Compagnie générale immobilière
- Type: Société anonyme
- Industry: Real estate
- Founded: 1960; 66 years ago
- Headquarters: Rabat, Morocco
- Key people: Adil Chennouf
- Revenue: 2.53 billion dirhams (2021)
- Parent: CDG Développement
- Website: www.cgi.ma

= Compagnie Générale Immobiliere =

Moroccan real-estate development company

Compagnie générale immobilière (CGI) is a Moroccan real estate company based in Rabat. It is a subsidiary of CDG Développement, itself part of the Caisse de dépôt et de gestion (CDG).

Founded in 1960, CGI was among the first subsidiaries created within the CDG group. The company was listed on the Casablanca Stock Exchange from 2007 until its delisting in 2015.

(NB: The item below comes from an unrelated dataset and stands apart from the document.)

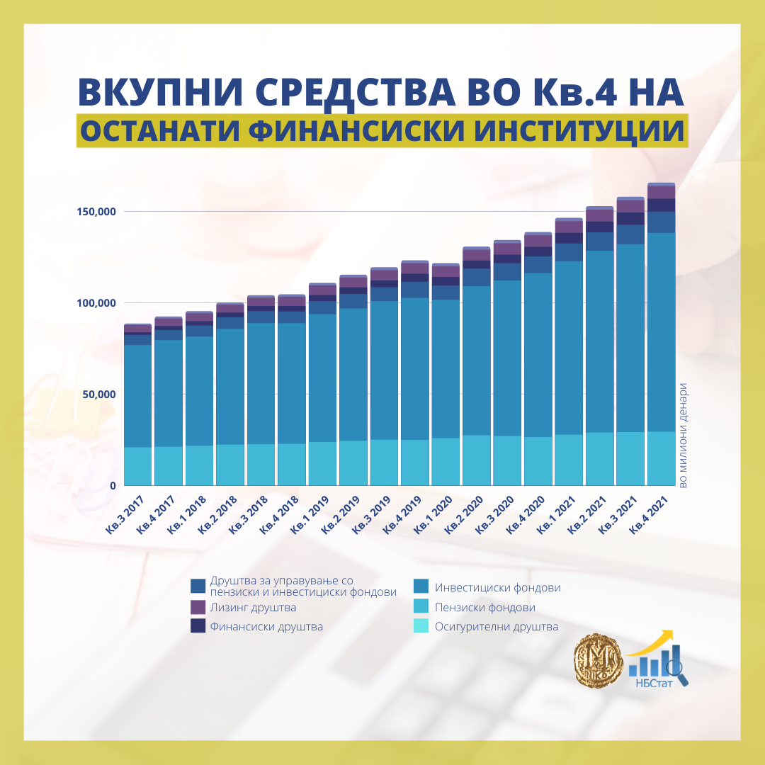 Во четвртиот квартал на 2021 година, вкупните средства на останатите финансиски институции, достигнаа ниво од 165.579 милиони денари и се зголемија за 7.762 милиони денари на квартално ниво. Структурата на средствата, укажува дека доминантно учество од 65,6% имаат пензиските фондови, а по нив следуваат осигурителните друштва, со учество од 17,7%.
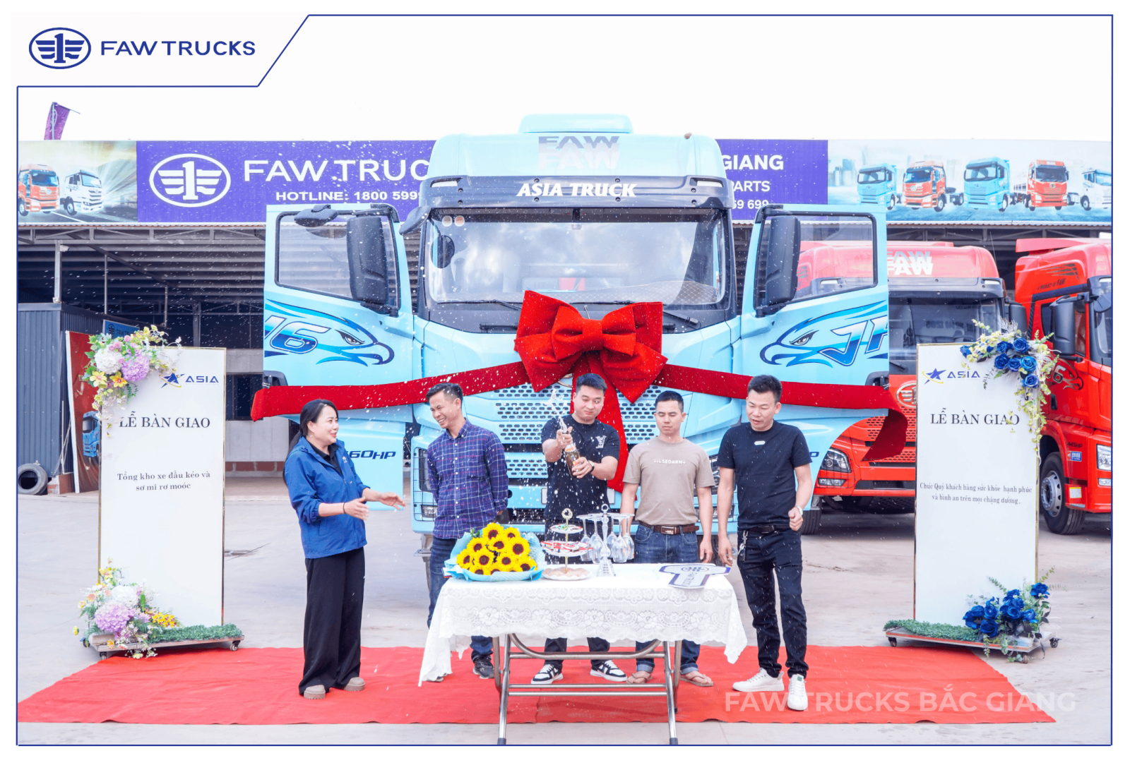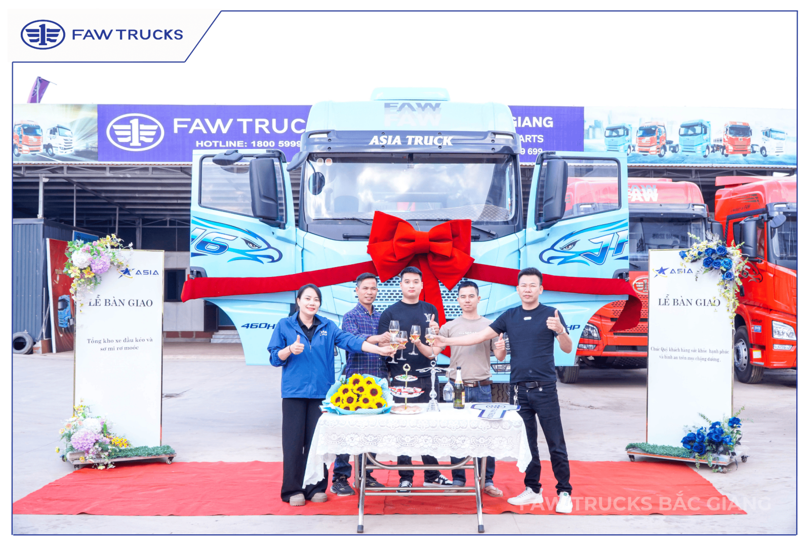 FAW Trucks Bắc Giang hân hạnh bàn giao xe đầu kéo FAW đến Quý khách hàng, đánh dấu khởi đầu thuận lợi cho những chuyến hàng suôn sẻ, làm ăn phát đạt

CGI is active in several real estate sectors in Morocco, including housing, tourism-related real estate, business and commercial developments, and public or semi-public facilities such as universities.

== History ==

=== Foundation ===
Compagnie générale immobilière was founded in 1960, four years after the independence of Morocco. It was one of the first subsidiaries of the Caisse de dépôt et de gestion, a public financial institution established in 1959.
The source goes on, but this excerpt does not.